Димка успел сжаться в комочек, подтянув ноги, по ним и пришелся первый удар. Звук рассекаемого воздуха, глухой стук и резкая боль. В полумраке комнаты, разрываемом бликами от экрана телевизора, мелькало искаженное яростью лицо отца. Он успел ударить еще два раза, пока с кухни на крики не прибежал Дёма и не вырвал палку. Димка не знал настоящего имени папиного друга, его только так все и звали — Дёма. Дёма был добрый, даже само его прозвище звучало как-то ласково. Из всех папиных друзей Дёма нравился Димке больше всех, потому что всегда находил для Димки доброе слово или мог потрепать его по-свойски за волосы и даже дал ему как-то вкусную конфету. Вот и сейчас заступился за Димку и загородил собой от разъяренного отца.
— Да ты что, с ума сошел, что ли? Ну, уснул пацан, так час ночи уже, он же не нарочно, зачем ты его лупишь?
— Уйди, — рычал отец. — Счас я его научу уважать…
— Не дури. Серый, оставь мальца.
Дёма уволок отца на кухню, где сидели еще двое папиных приятелей, и больше Димку никто не беспокоил. Гул голосов с кухни Димка слышал еще долго, тихонько всхлипывая и прижимая ладошками ноги там, где по ним прошлась палка. Димка понял, что очень виноват и сильно всех подвел, раз папа так разозлился. Он, конечно же, не должен был, не имел права заснуть и не открыть дверь. И раз он так виноват, мама наверняка тоже будет его ругать, когда вернется с рейса. Только мама приедет еще не скоро, она работает проводницей на большом, красивом поезде и ездит на нем по всей стране, очень далеко. «Скорей бы мама вернулась, — думал Димка, — пусть даже она будет сердиться». Потом он уснул.
Утром отец был хмурый, почти не разговаривал и на Димку совсем не глядел. В квартире они были одни, папиных друзей к тому моменту, когда Димка проснулся, уже не было. Димка встал с диванчика, на котором спал, как был в одежде, и обнаружил, что может ходить, только сильно хромая. Но не это его беспокоило, а то, что отец старался на него не смотреть, из чего Димка понял, что его не простили. Своим детским умом Димка не понимал, что отцу просто стыдно после вчерашнего, и именно поэтому он хмурился и отводил взгляд.
На кухне ветерок из разбитого окна шевелил занавески, с улицы тянуло утренней свежестью, и было довольно прохладно. Димка быстро доел остатки жареной картошки, прямо со сковородки, попил воды из крана и поковылял к себе в комнату.

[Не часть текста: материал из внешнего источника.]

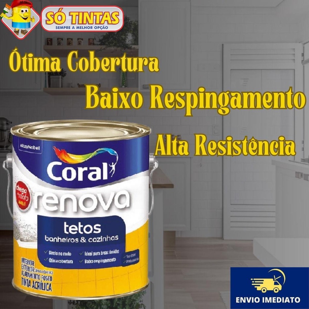 Imagine suas paredes perfeitamente pintadas, livres de mofo e com um acabamento impecável. Renova Tetos não só revitaliza seu ambiente, mas também garante um ar fresco e saudável, tornando seus espaços mais acolhedores. Com uma aplicação fácil e rápida, você terá um resultado surpreendente que impressionará a todos. A Renova Tetos, Banheiros & Cozinhas Branca Coral é a solução definitiva: •Fácil Aplicação: Aplique diretamente sobre o mofo, economizando tempo e esforço. Não precisa de limpeza prévia! •Cobertura Superior: Com excelente poder de cobertura, você alcançará um acabamento perfeito com apenas 2 a 3 demãos. •Secagem Rápida: Seca ao toque em apenas 30 minutos, permitindo que você retome a sua rotina rapidamente. •Acabamento Fosco: Um visual sofisticado que disfarça imperfeições e facilita retoques. •Resistência ao Mofo: Mantém suas paredes livres de mofo por muito mais tempo, garantindo um ambiente saudável. •Baixo Respingo: Menos sujeira e mais controle durante a aplicação, tornando a experiência muito mais agradável. Dados Técnicos 1. Descrição do Produto: •Tipo: Tinta Acrílica •Aplicação: Interna e externa coberta •Acabamento: Fosco 2. Composição: •Base: Acrílica •Solvente: Água 3. Propriedades: •Cobertura: Ótima •Aderência: Alta •Resistência: Boa •Secagem: Rápida •Odor: Inodoro após 4 horas 4. Rendimento: •Até 18 m² por embalagem de 3,6 Litros 5. Tempo de Secagem: •Ao toque: 30 minutos •Entre demãos: 4 horas •Final: 4 horas Aplicação Passo a Passo: 1.Preparação da Área: oCubra o chão e móveis com lona ou papelão. oRemova quadros, prateleiras e outros objetos das paredes. 2.Preparação da Superfície: oSe houver mofo: Use a espátula para remover camadas excessivas. Limpe a área com pano úmido e aguarde secar. oParedes em bom estado: Lixe levemente e limpe o pó com pano úmido. oSuperfícies novas ou com imperfeições: Aplique Massa Corrida para corrigir e lixe após secar. 3.Tratamento de Superfícies Especiais: oGesso ou concreto: Aplique o Fundo Preparador de Paredes da Coral, exceto em gesso corrido (use Renova Gesso & Drywall). oCom reboco novo: Aguarde 30 dias, lixe e aplique o Selador Acrílico da Coral. 4.Mistura da Tinta: oAbra a embalagem e misture bem a tinta com uma espátula de plástico, metal ou madeira. 5.Aplicação da Tinta: oUse o rolo para cobrir grandes áreas. Para cantos e bordas, use o pincel ou trincha. oAplique a primeira demão de forma uniforme, evitando respingos. 6.Secagem: oAguarde 30 minutos para a secagem ao toque. oEntre demãos, aguarde 4 horas. 7.Demãos Adicionais: oAplique de 2 a 3 demãos, conforme necessário, para uma cobertura ideal. 8.Finalização: oApós a última demão, aguarde 4 horas para a secagem completa antes de recolocar objetos na parede. Principais perguntas: Acompanha nota fiscal? Sim, todos os nossos produtos são enviados com nota fiscal. O envio é por Correios? Pode ser enviado por Correios ou por transportadora privada, isso vai depender da disponibilidade das transportadoras que atendem o seu endereço. Porque não posso comprar mais de 4 unidades no mesmo pedido? Infelizmente há uma limitação por parte das transportadoras. Elas enviam apenas 4 unidades em cada pedido devido às dimensões e peso do pacote. Para mais unidades, você vai precisar fazer mais de um pedido, respeitando o limite máximo de 4 por pedido. Só Tintas, sempre a melhor opção. Somos a maior rede de lojas de tintas no estado do Rio de Janeiro. Desde 1977, a Só Tintas atua no Rio de Janeiro oferecendo os melhores produtos e soluções em pintura imobiliária, automotiva e industrial. Somos uma empresa familiar que começou em Teresópolis e hoje temos mais de 30 lojas físicas. Trabalhamos de forma ética e transparente, com o principal objetivo de proporcionar aos nossos clientes um atendimento de excelência, provendo as melhores soluções. Nossa missão é levar cor para a vida das pessoas. Por isso a Só Tintas é Sempre a Melhor Opção

Потом вспомнил, что давно не поливал цветы в зале, а мама очень об этом просила каждый раз, уезжая в рейс, и вернулся на кухню. Долго оглядывался, пытаясь сообразить, во чтобы набрать воды. На столе и в раковине было полно грязных тарелок, но это совсем не годилось. Были еще чашки, но они мелкие, пепельница, полная окурков, — к ней даже не хотелось прикасаться. Наконец взгляд наткнулся на пустую трехлитровую банку. Димка решил, что это вполне подойдет, хватит на все цветы и еще останется. Налил воды до половины и поковылял в зал, где отец, лежа на диване, смотрел телевизор.

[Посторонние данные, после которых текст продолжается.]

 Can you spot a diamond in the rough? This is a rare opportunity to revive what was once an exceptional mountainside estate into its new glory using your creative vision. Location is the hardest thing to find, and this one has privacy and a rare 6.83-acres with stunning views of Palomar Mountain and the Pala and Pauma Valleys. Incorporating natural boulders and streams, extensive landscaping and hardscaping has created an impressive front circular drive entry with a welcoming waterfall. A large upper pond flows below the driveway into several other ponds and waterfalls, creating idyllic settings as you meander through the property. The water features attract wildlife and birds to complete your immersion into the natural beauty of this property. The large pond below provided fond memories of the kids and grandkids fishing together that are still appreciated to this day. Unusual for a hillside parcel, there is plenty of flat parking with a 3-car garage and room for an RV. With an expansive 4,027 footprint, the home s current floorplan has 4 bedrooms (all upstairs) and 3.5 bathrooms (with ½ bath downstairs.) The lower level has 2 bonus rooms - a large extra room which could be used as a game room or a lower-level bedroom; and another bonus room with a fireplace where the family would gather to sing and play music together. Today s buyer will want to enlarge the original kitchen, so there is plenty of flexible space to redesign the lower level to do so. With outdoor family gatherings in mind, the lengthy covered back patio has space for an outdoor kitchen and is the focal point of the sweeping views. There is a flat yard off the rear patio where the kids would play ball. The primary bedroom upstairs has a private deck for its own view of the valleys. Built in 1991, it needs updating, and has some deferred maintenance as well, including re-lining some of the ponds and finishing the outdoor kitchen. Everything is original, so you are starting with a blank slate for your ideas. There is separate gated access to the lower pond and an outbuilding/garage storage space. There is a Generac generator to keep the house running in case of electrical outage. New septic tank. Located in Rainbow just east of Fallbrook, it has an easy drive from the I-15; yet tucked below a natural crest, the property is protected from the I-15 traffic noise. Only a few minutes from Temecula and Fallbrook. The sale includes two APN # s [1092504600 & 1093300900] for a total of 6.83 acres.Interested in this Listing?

Цветы стояли на подоконнике, за шторами, в красивых разноцветных горшках. По правде говоря, растения в горшках на цветы вовсе не были похожи, обычные зеленые кустики с листьями, но мама почему-то называла их цветами. Видимо, невезение Димкино продолжалось: пытаясь отодвинуть штору одной рукой, он выронил банку. Банка разбилась вдребезги, разметав по полу воду и осколки разного размера.
Димка замер с широко раскрытыми глазами, поняв, что опять все испортил. Втянув голову в плечи, он затрясся, заплакал и тонким голосом запричитал:
— Я не виноват! Я просто… Я…
— Ладно, ладно; успокойся, — сказал отец, хмурясь и по-прежнему отводя взгляд в сторону, — ничего страшного. Ну-ка отойди, а то порежешься.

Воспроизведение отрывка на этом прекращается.